C’est difficile de le dire avec certitude aujourd’hui. Ce qui est sûr, c’est qu’en plus des Kiwis et des Anglais, les Italiens continuent, les Américains certainement, j’en vois bien deux ou trois de plus, le rêve serait d’arriver à huit.

Quid d’un défi français ?
Je ne suis pas très optimiste, le secret de l’America’s Cup, c’est de trouver au départ un mécène qui te paie un tiers du projet et peut te permettre de véritablement lancer le projet, ensuite, il est plus facile de trouver des sponsors. A mon avis, ça ne peut pas démarrer sans l’apport initial d’un investisseur privé.

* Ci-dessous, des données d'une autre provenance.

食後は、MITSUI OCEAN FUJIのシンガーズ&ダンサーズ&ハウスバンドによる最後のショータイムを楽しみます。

« Challenger of record et organisateur en même temps, ça ne peut pas marcher« 

 Comme Patrizio Bertelli avec Luna Rossa Prada Pirelli. Cette campagne a-t-elle coûté beaucoup aux Italiens, qui ont en outre organisé en amont les America’s Cup World Series en décembre puis la Prada Cup ?
Non, ils ont dépensé à peu près comme tout le monde, 120 millions d’euros pour le budget de l’équipe, et à peu près 20 millions pour la Prada Cup qui est selon moi de loin le meilleur investissement de la Coupe. Le ticket est archi-rentable, je suis bien placé pour le dire, puisque je m’en occupais avant avec la Louis Vuitton Cup, la visibilité est énorme. Prada va arrêter pour la prochaine fois, parce que ça s’est très mal passé avec les Néo-Zélandais, mais je pense que les organisateurs n’auront aucun mal à trouver quelqu’un d’autre.

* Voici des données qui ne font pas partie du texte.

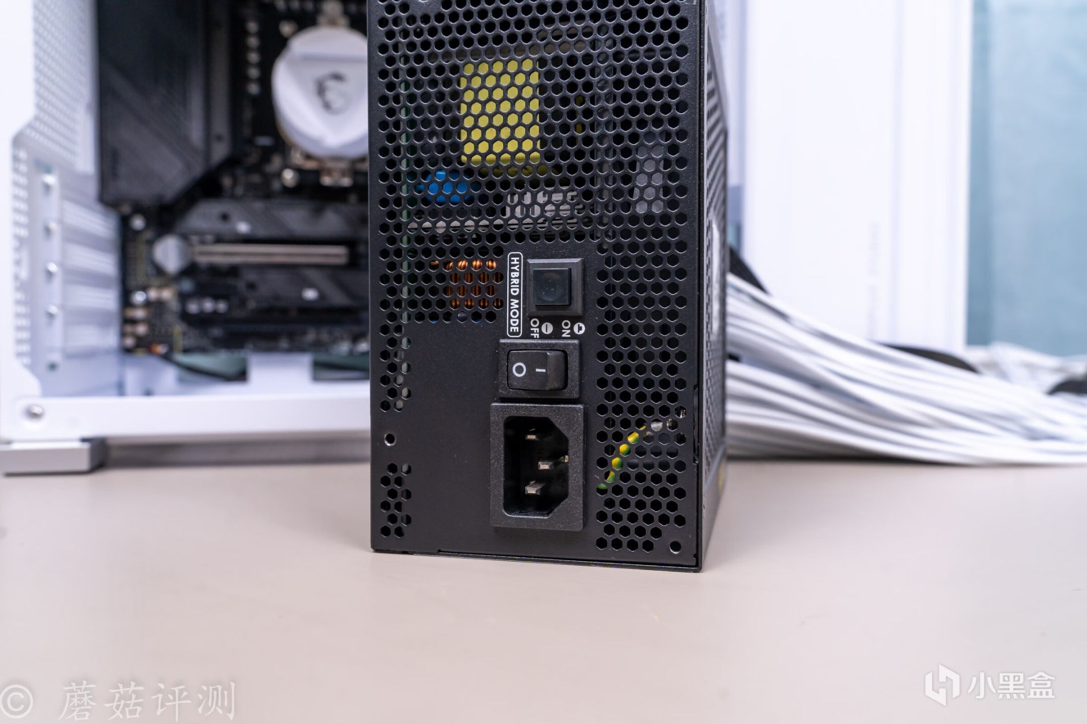 ▼電源尾部,除了供電插口和開關之外,還有一個電源風扇運行模式選擇按鈕,可以在溫控和靜音模式之間切換,其中靜音模式下,電源的散熱風扇低負載停轉,進一步降低待機噪音。

Est-ce inévitable que ça se passe mal entre un defender et son challenger of record ?
Ça l’est quand tu es à la fois challenger of record et organisateur, ça ne peut pas marcher, le ver était dans le fruit, j’ai vécu ça tous les jours ici, ça a été très difficile. Le secret de la longévité du partenariat avec Louis Vuitton, c’est qu’on n’avait jamais soutenu une équipe, alors qu’on a eu énormément d’opportunités. Certains, y compris chez Vuitton, nous poussaient pour mettre de l’argent sur des projets japonais ou chinois, on ne l’a jamais accepté. Donc pour que ça se passe bien, il faudra que le futur sponsor n’ait aucun lien avec une équipe.